## [Information shown]
┌────────

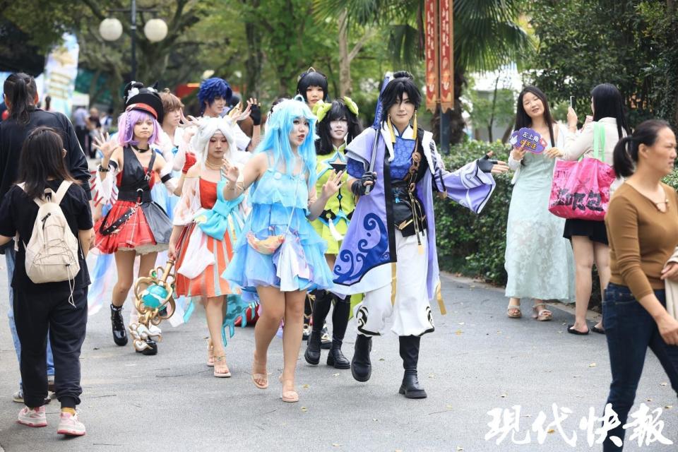 电竞主题巡游吸引众多游客目光。身着孙权、上官婉儿、孙尚香、瑶等王者荣耀英雄服饰的coser沿园区路线行进,每到一处打卡点便停下与游客互动,还为游客送上精美小礼品。此外,大乔、庄周、裴擒虎三位coser在固定的点位前,吸引游客排队打卡。
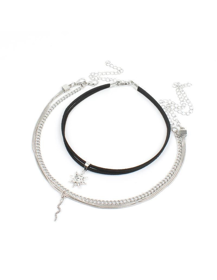 Set de tres chockers, uno de ellos de gamuza con dije exclusivo con forma de sol, los dos restantes elaborados en cadenas diferenciadas, de triple cadena acompañado de dije con forma de serpiente.
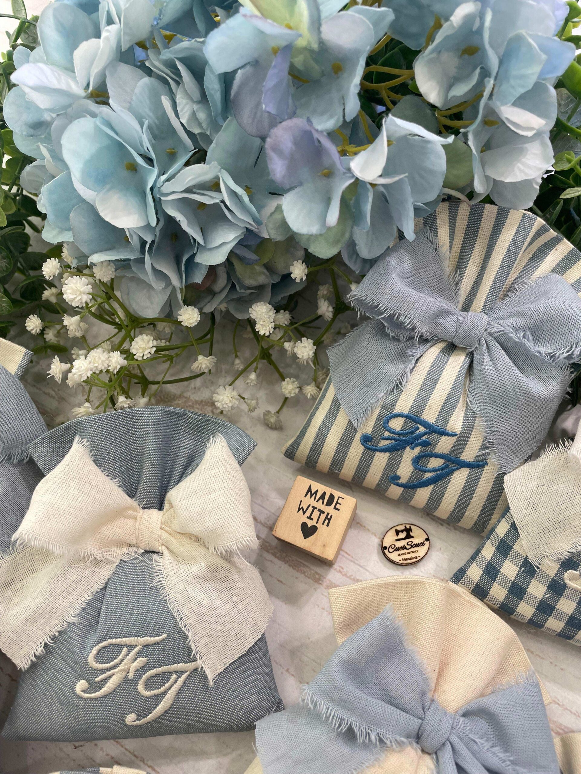 Realizzato con cotone tinto filo, nei toni dell’azzurro polvere e del panna, con il ricamo di due iniziali.

└────────

Transcribe the listing above exactly, leaving every picture out.

 电竞主题巡游吸引众多游客目光。身着孙权、上官婉儿、孙尚香、瑶等王者荣耀英雄服饰的coser沿园区路线行进,每到一处打卡点便停下与游客互动,还为游客送上精美小礼品。此外,大乔、庄周、裴擒虎三位coser在固定的点位前,吸引游客排队打卡。
 Set de tres chockers, uno de ellos de gamuza con dije exclusivo con forma de sol, los dos restantes elaborados en cadenas diferenciadas, de triple cadena acompañado de dije con forma de serpiente.
 Realizzato con cotone tinto filo, nei toni dell’azzurro polvere e del panna, con il ricamo di due iniziali.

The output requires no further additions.